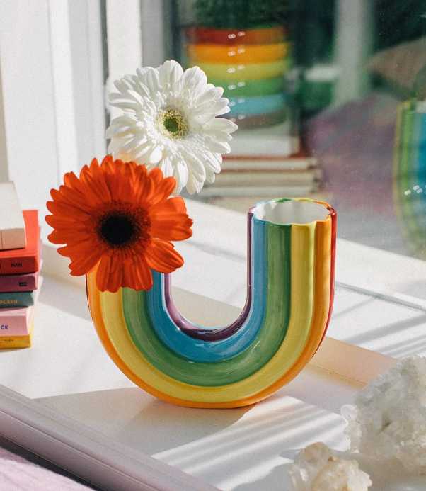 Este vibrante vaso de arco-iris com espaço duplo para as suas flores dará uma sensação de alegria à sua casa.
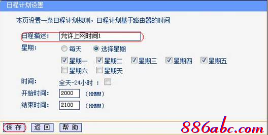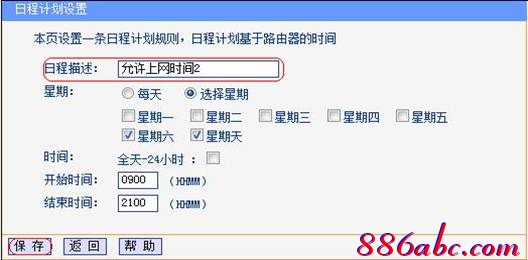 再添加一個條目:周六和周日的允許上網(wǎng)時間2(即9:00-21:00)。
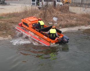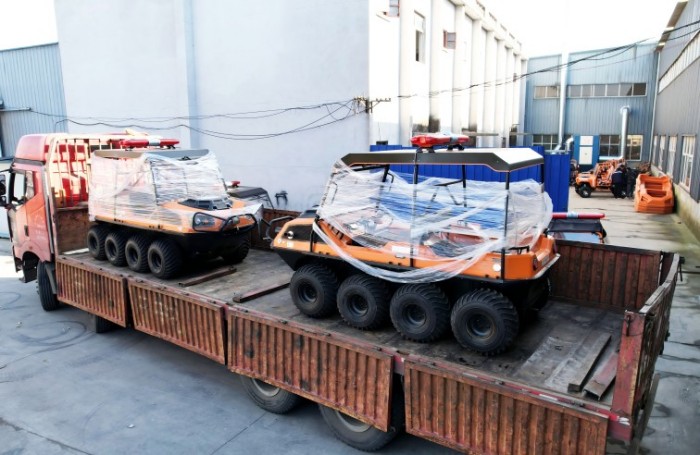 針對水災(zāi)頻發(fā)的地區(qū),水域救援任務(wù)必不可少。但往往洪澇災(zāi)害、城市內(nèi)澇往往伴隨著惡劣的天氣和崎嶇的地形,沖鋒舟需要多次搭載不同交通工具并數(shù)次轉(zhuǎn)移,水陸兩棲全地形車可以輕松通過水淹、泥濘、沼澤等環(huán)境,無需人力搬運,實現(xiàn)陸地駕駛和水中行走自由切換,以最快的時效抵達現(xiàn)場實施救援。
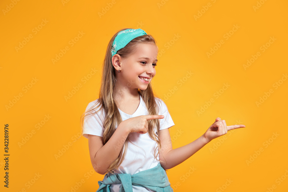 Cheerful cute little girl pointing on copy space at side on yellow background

---

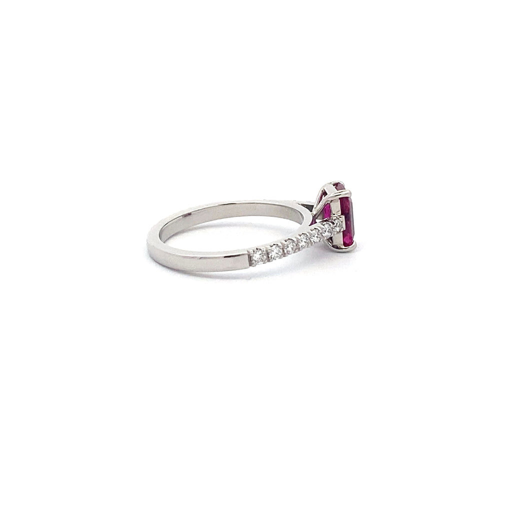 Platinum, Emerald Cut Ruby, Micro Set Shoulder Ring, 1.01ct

**Your objective:** Repeat exactly, and only, the entries from the line with "針對水災(zāi)頻發(fā" through the line with "Cheerful cute little". Pictures are skipped.

**Solution to the exercise:**
 針對水災(zāi)頻發(fā)的地區(qū),水域救援任務(wù)必不可少。但往往洪澇災(zāi)害、城市內(nèi)澇往往伴隨著惡劣的天氣和崎嶇的地形,沖鋒舟需要多次搭載不同交通工具并數(shù)次轉(zhuǎn)移,水陸兩棲全地形車可以輕松通過水淹、泥濘、沼澤等環(huán)境,無需人力搬運,實現(xiàn)陸地駕駛和水中行走自由切換,以最快的時效抵達現(xiàn)場實施救援。
 Cheerful cute little girl pointing on copy space at side on yellow background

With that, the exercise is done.